A natureza da questão tem uma grande influência sobre as respostas. Deve-se pré-testar as questões de forma a garantir que as respostas irão realmente ser úteis.
Desvantagem:
O âmbito das questões não deve ser muito alargado. A informação é limitada.
Vantagem:
Menos demorado. A avaliação é simplificada.

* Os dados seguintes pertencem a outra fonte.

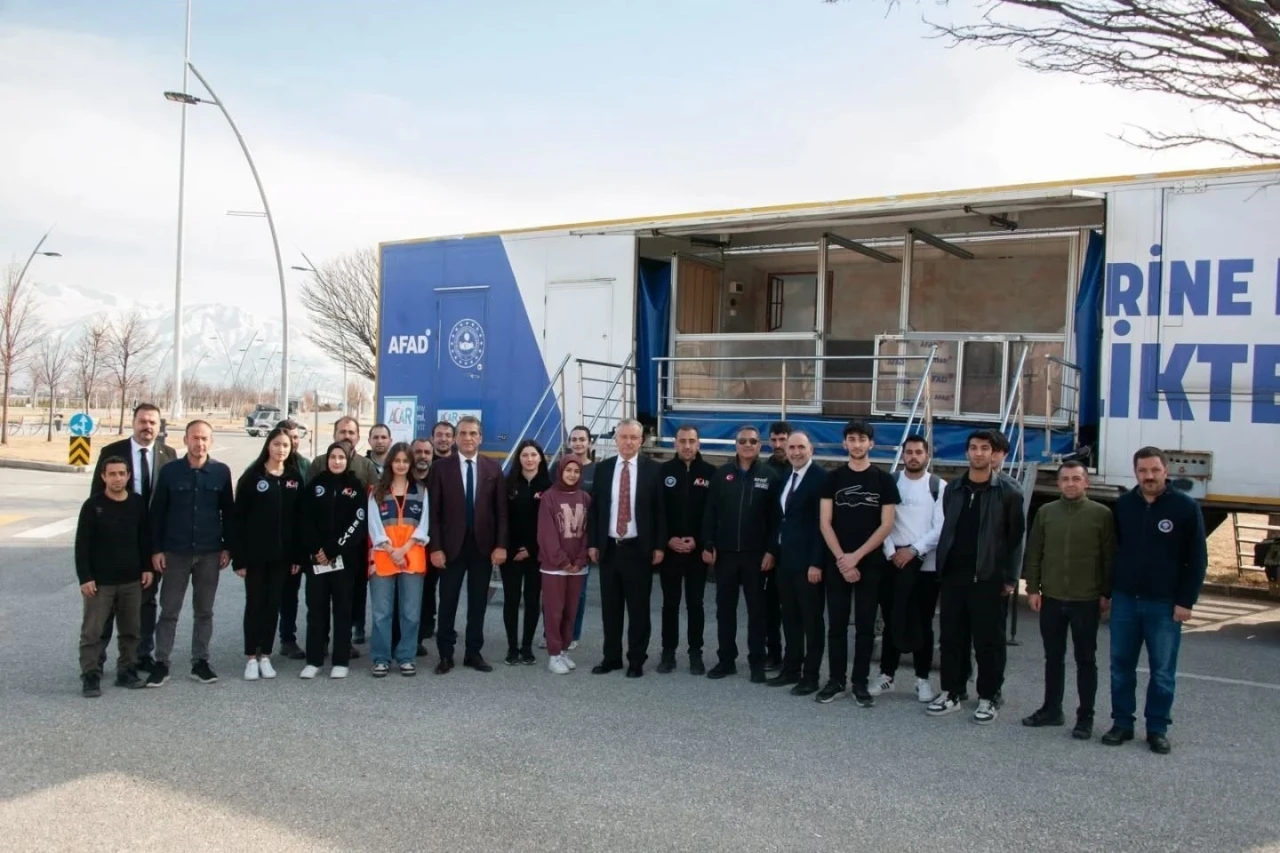 AFAD Deprem Simülasyon Tırı ile Erzincan Binali Yıldırım Üniversitesi’nde öğrencilere deprem anı ve deprem sırasında yapılması gerekenler aktarıldı.

4.1.3 A observação participante
Relaciona-se com a participação pessoal (não informação posterior) em conversas com o pessoal. Tenta-se compreender as medidas formativas e os processos de trabalho. O observador fica completamente em segundo plano e nem tão pouco interrompe com pedidos de esclarecimento. Pode (mas não deve necessariamente) tomar notas e fazer perguntas posteriormente. O observador deve, em qualquer caso, estar presente do início ao fim dos processos.
Desvantagem:
Demorado, em alguns casos, intimida os participantes que podem tender a conter-se.
Vantagem:
Observações directas (atmosfera, conflitos, cooperação, conduta da gestão, etc).

4.1.4. Outros métodos:
  • Análise de conteúdo das circulares, projecto/planos de trabalho, folhetos de formação, actas de conferências, etc.
  • Comparações com metas futuras (descrições de funções, perfis de exigências, currículos, etc.).
  • Avaliação de actividades formativas ocorridas com sucesso (O que foi disseminado? O que é ainda "uma ponta solta"? O que está a ser aplicado?)
  • Avaliação de informação relacionada com o desempenho, como dados/estatísitcas, relatórios, listas de actividades, dias de trabalho, dias de ausência, etc.

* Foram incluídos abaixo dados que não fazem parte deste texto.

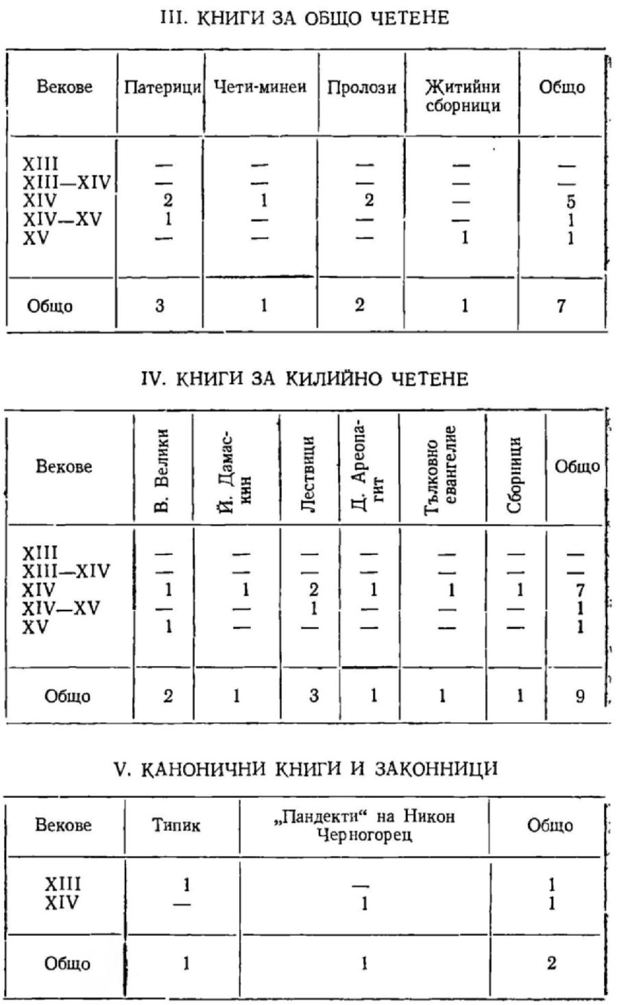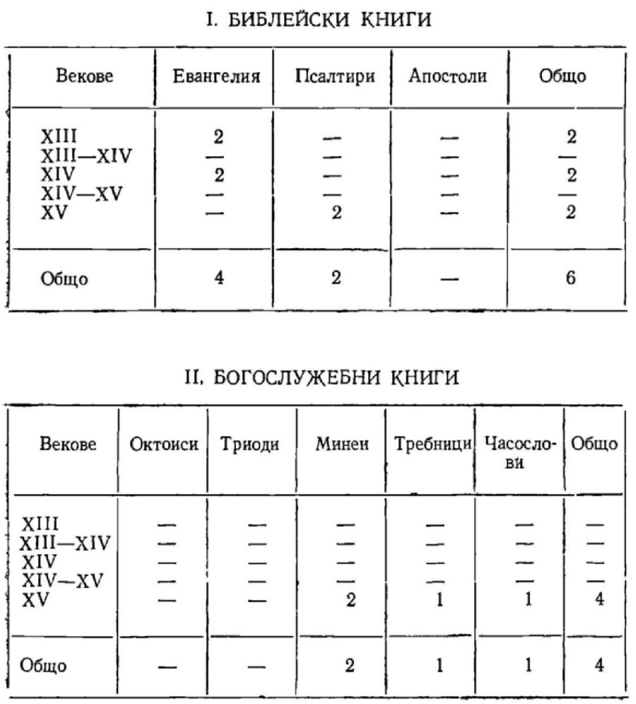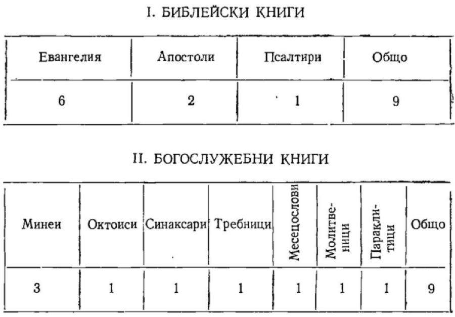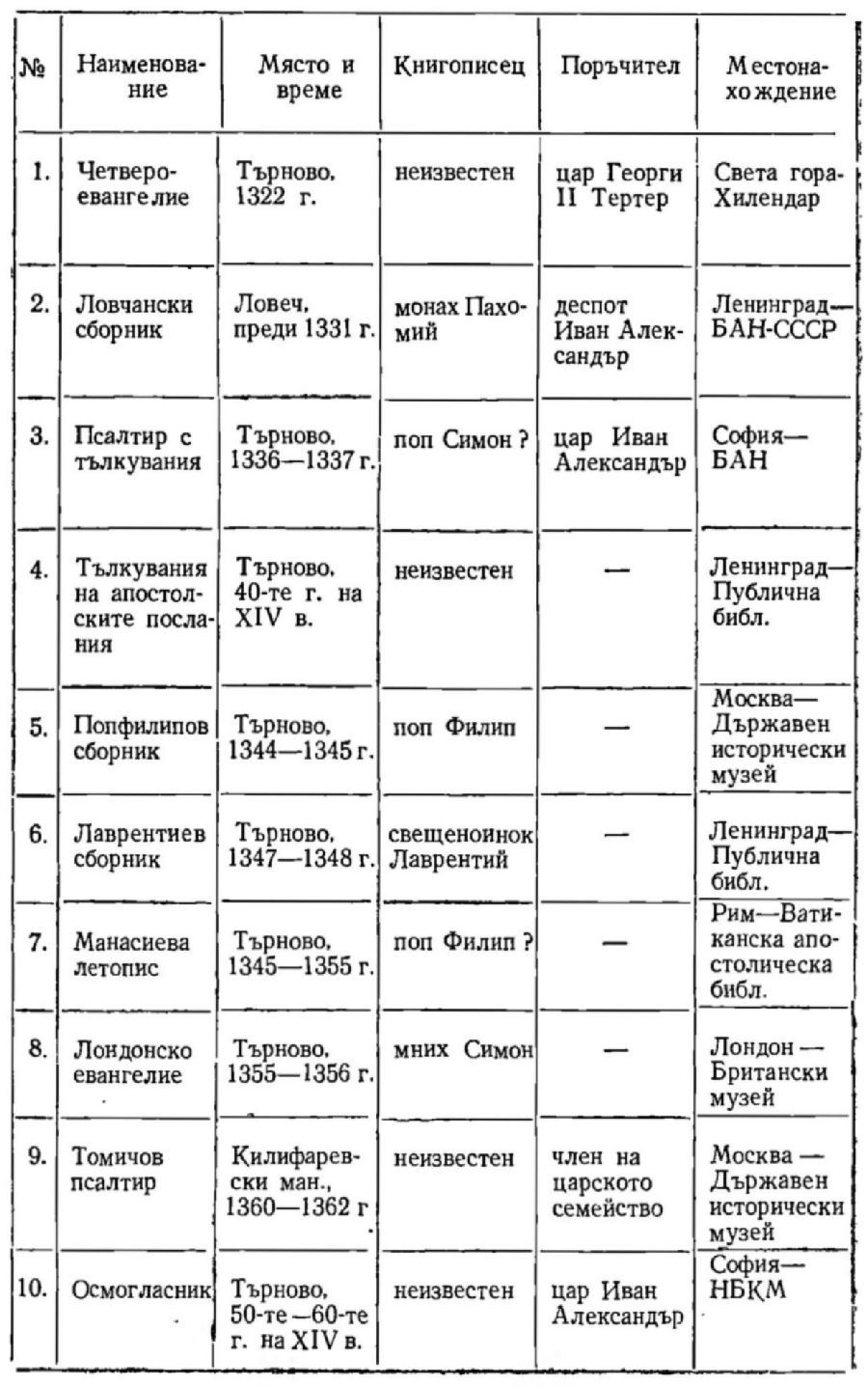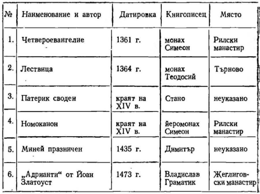 Евангелие с апостол, Хилендарско евангелие, Миханичов сборник, Средецко евангелие, Станиславов пролог, Ловчански сборник, Кукленски песнивец, Тълковно евангелие, Апостол с тълкувания, Митрофанов пролог, Оливеров миней, Манасиева летопис, Висарионов патерик, Хлудов сборник, „Главы зѣло полѣзные" на Григорий Синаит, Лаврентиев сборник, Тълковно евангелие, Пандекти на Никон Черногорец, Мюнхенски требник, Римски патерик, Скитски патерик, 15 книги (евангелие, апостол, богородичник и др.), 7 псалтира, 5 часослова, 4 литургии, 3 лествици и др., Поучения на Ефрем Сирин, Октоих, Цветен и постен триод, Евангелие, цветослов и сборник, Лесновски паренесис, Охридски паренесис, Лондонско евангелие, Зографски апостол, Германов сборник, Видинско евангелие, Бдински сборник, Първославов сборник, „Маргарит", Томичов псалтир, Рилско евангелие, Рилска лествица, Охридски пролог, Празничен миней, Видински апостол, Съчинения на Дионисий Ареопагит, Сборник с аскетично съдържание, Празничен миней, Дамянов пролог, Положки ръкопис, Пергаментово евангелие, Евтимиев служебник, Слова на Исак Сирин, Зографски чети-миней, Колекция „Студион" 10 тома ]]

4.2 Selecção dos entrevistados

A selecção dos trabalhadores da organização a ser entrevistados é de importância considerável. Entrevistar todos os trabalhadores está geralmente fora de questão por razões de tempo e de custos. Considera-se mais prático construir uma amostra aleatória. Para tal, os seguintes métodos são relevantes:

1. Formar grupos com tarefas e conteúdos de trabalho conjuntos,

I.e. pedreiros, carpinteiros ou canalizadores, mas nem todos os trabalhadores da construção civil. Este método garante que as especificações do trabalho não se sobrepõem. Além disso, é mais fácil identificar tarefas e problemas específicos de grupo e reconhecer distinções entre os grupos.

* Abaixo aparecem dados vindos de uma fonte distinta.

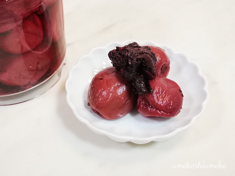 梅酢いっぱいに漬かっていてとっても酸っぱいです。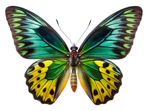 Close-up of a Pale Green Butterfly with Dark Spots, Isolated on White Background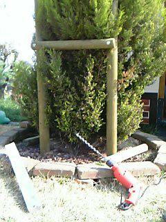 ドリルで穴を開けてネジを通して杭の補強もでき完成しました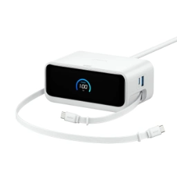 巻取り式USB-CケーブルとUSB-Cポートの出力はMacBook Proの急速充電も可能な最大100Wで、前面には合計出力や各ポートからの出力状況、本体温度のリアルタイム表示、そしてデバイスの温度を1秒間に約80回を検知して出力を制御するActiveShield 3.0の情報を表示できる1.3インチディスプレイを搭載。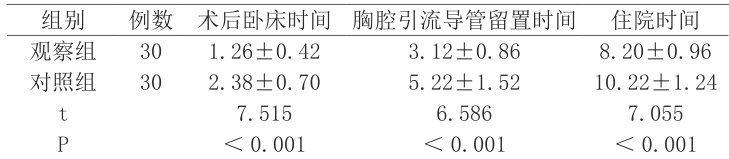 对比两组术后卧床时间、胸腔引导管留置时间、住院时间。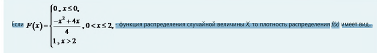 Если - функция распределения случайной величины X, то плотность распределения f(x) имеет вид...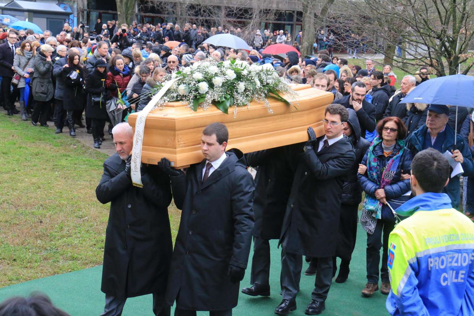 Pall bearers carry the casket containing the body of Giulio Regeni in Fiumicello (Udine) on Friday (Feb 12).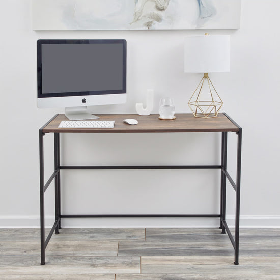 This FlipShelf workstation features a single piece construction that allows for instant assembly, making it easy to set up and use. Its folding metal design makes it portable and easily stored, while the large surface area is ideal for holding a computer, books, files, and more. The adjustable feet provide stability on uneven floors, making it perfect for use in any room of the house, such as your home office, bedroom, or living room. The desk has a professional and sleek design, with dimensions of W x L x H40 in. x 19.25 in. x 29 in., and is made of engineered wood. Its rectangular shape is versatile and fits well in any space. With a retail price of $80 and our price of $49.99, this FlipShelf workstation is a smart and cost-effective choice for any professional or home office setting.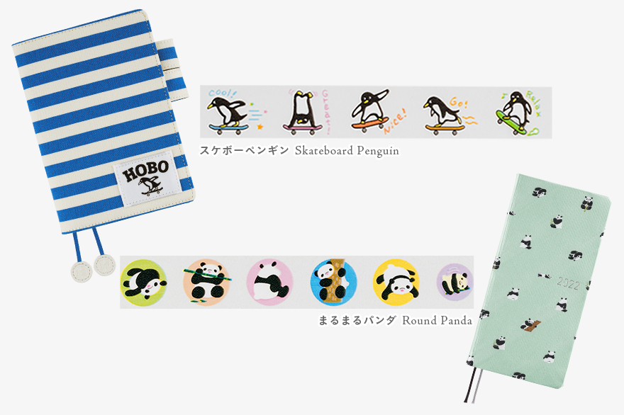 This year, we’re pleased to bring you Deco Rush tape with original designs for the Hobonichi Techo. “Theme of the Day” contains topics for you to write about, “What shall I snack on?” contains popular snacks and foods, and “What a feast!” has an array of delicious meals. Then we’ve got some designs based on techo covers. These include “Skateboard Penguin,” “Round Panda,” “Camp Every Day,” and Cafe Repose.” That makes a total of seven designs to choose from. Each tape roll is 10 mm wide.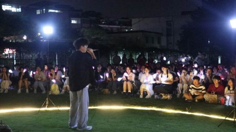 护理学院于足球场举办迎新草地音乐会。志愿者们精心筹备,师生同台献艺:钢琴口琴合奏温柔动人,歌曲舞蹈点燃全场,乐队演出引发合唱。护理学院执行院长王秀岚亲切寄语新生。现场荧光如星海,掌声与歌声交织,以“护暖”为魂,让新生在温馨氛围中开启大学旅程。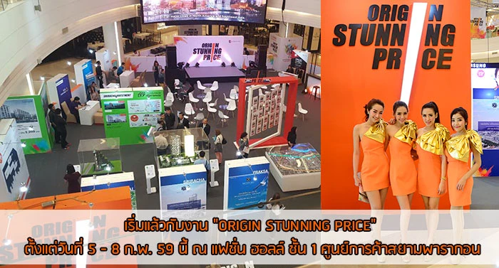 เริ่มแล้วกับงาน "ORIGIN STUNNING PRICE" โดย บริษัท ออริจิ้น พร็อพเพอร์ตี้ จำกัด (มหาชน) ขนคอนโดพร้อมอยู่ แนวรถไฟฟ้า เพื่อรับมาตรการรัฐ กับ โปร STRONG! พบกับ 9 Projects - Ready To Move In, 3 Projects Pre Sales, 2 Project Sriracha และ 3 Location ใหม่จาก Notting Hill พร้อมส่วนลดสูงสุด 30% เริ่ม 1.29 ล้านบาท และข้อเสนอพิเศษแบบจัดหนักจัดเต็ม เฉพาะภายในงานตั้งแต่วันที่ 5 - 8 ก.พ. 59 นี้ ณ แฟชั่น ฮอลล์ ชั้น 1 ศูนย์การค้าสยามพารากอน พบกับไฮไลท์พิเศษประจำวัน ฉลองเทศกาลตรุษจีนกับ มินิคอนเสิร์ต โจ-ก้อง และอาจารย์จตุพล

2. Assegurar desempenhos médios

Não é aconselhável escolher apenas as "maçãs podres", nem somente "os melhores”. Isto levaria a falsas conclusões, que poderiam afectar todas as actividades de formação.

3. Grupos etários

Se uma maior estruturação do grupo for ainda relevante, pode ser útil considerar-se a selecção de acordo com a faixa etária, por exemplo,  "abaixo dos 35 anos”, "entre 35 a 45 anos" e "mais de 45 anos".

4. Tempo na organização

Com o tempo, certos padrões de comportamento tendem a cristalisar-se e tornam-se rotina, a energia e o compromisso podem diminuir. O tempo na organização desempenha pois um papel importante, que pode ser usado como um critério adicional.

Não menos importante é a consideração do feedback da gestão e de outros executivos (supervisores, técnicos, especialistas, chefes de departamento, etc), mesmo se não há aparentemente problemas de gestão directa. Uma vez que é bem conhecido que a forma de gestão tem uma influência considerável sobre a motivação de desempenho, disponibilidade, compreensão das atribuições e competências. A gestão e supervisão devem ser sempre incluídas em qualquer acção relacionada com as necessidades de formação contínua.